Namun, juga memungkinkan adanya pasien yang mengalami kejang tanpa gangguan
kesadaran, seperti myoklonik jerks, dapat mengingak GKF mereka lebih baik.
Studi yang dilakukan juga menggarisbawahi tantangan praktis dalam klasifikasi epilepsi
berdasarkan semiology. Kami mempelajari kohort yang sudah dikarakteristikan secara baik
dengan diagnosis EIU yang tidak equivocal dan menemukan GKF lebih dari 50% dari kasus.

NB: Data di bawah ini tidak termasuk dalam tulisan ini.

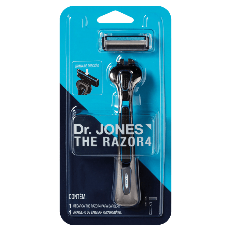O The Razor4 é um aparelho de barbear ideal para quem tem pelos mais grossos ou faz a barba com menos frequência - e, por isso, necessita de mais espaço entre as lâminas. Suas 4 lâminas de aço inoxidável cortam com facilidade os fios mais longos e espessos e permitem uma limpeza posterior mais simples. O The Razor4 possui também cabo emborrachado ergonômico, faixa de proteção, fita lubrificante e um Trimmer, lâmina extra super afiada para acabamentos. Conheça uma nova forma de se barbear!

Ini dapat menyebabkan misdiagnosis sebagai epilepsi fokal, bila klinisi terlalu berpegangan
sebagai epilepsi fokal di dalam klaisfikasi. Oleh karena itu, kami menekankan kegunaan akan
EEG yang sangat diperlukan sebagai konfirmasi dari diagnosis EIU.
Kami menyadari adanya keterbatasan di dalam studi ini. Pertama, studi ini dilakukan di
center tingkat 2 yang dapat menyebabkan bias. Kedua, adanya bias pada saat mengingat
GKF. Pada pasien yang memiliki durasi bebas kejang yang lebih pendek dapat mengingat
gejala mereka.
Kekuatan utama studi yang kami lakukan ini adalah keseragaman dan ketelitian metodologi.

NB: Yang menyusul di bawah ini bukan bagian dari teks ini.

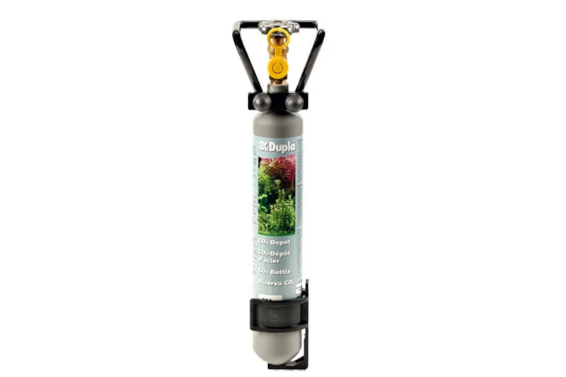 CO²-Stahlflasche mit Halterung zur Wandmontage.

Semua pasien yang didiagnosa dan diklasifikasikan kedalam sindrom EIU berdasarkan
kriteria ILAE secara independen oleh 2 spesialis epilepsi dengan ketidaksamaan persepsi
yang diselesaikan dengan konsensus dengan perekaman EEG yang positif untuk memastikan
diagnosa. GKF didapatkan menggunakan peralatan yang valid.
5
Studi kami mendemonstrasikan bahwa GKF sering dilaporkan oleh pasien dengan EIU yang
berasosiasi dengan kejang mayor maupun minor. Durasi dari bebas kejang berhubungan
dengan GKF. Penemuan kami memiliki implikasi untuk praktik klinis. Pertama, kami
menekankan agar klinisi berhati-hati terhadap GKF pada EIU untuk menghindari
misdiagnosis dan keterlambatan diagnosis termasuk memilih obat anti epilepsi untuk terapi.

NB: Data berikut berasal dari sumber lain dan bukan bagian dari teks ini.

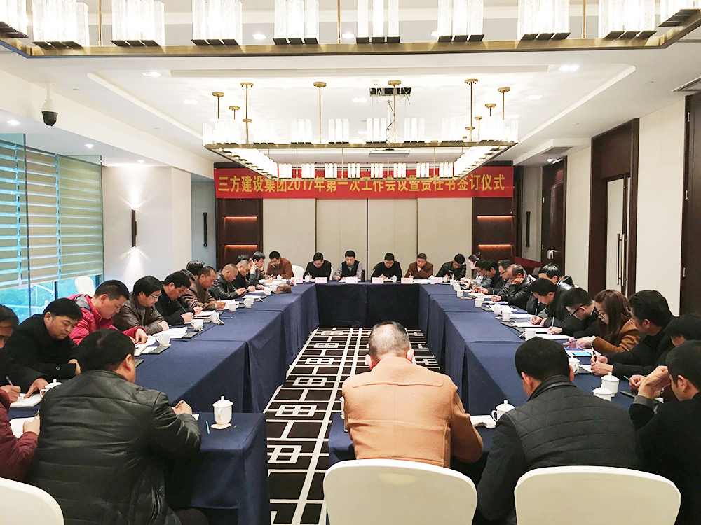 2017年2月8日下午2点,集团2017年第一次工作会议暨项目负责人签约仪式在明豪酒店3楼明聚厅召开,董事长吴祖跃、各级领导、分公司经理、各区域及项目负责人参加了本次会议。

Kedua, GKF dapat menyebabkan investigasi yang tidak sesuai pada epilepsi fokal termasuk
evaluasi pada tindakan pembedahan pada kasus epilepsi. Ketiga, adanya GKF harus
diwaspadai oleh klinisi sebagai marker potensial penurunan kemungkinan durasi bebas
kejang kedepannya. Studi lebih lanjut diperlukan untuk memastikan penemuan-penemuan ini,
terutama dengan follow up prospektif, dan untuk memeriksa patofisiologi yang mendasarinya
dan mekanisme jaringan dari abnormalitas fokal pada EIU. Pengertian yang luas akan
mekanisme jaringan ini dapat membantu manajemen panjang EIU.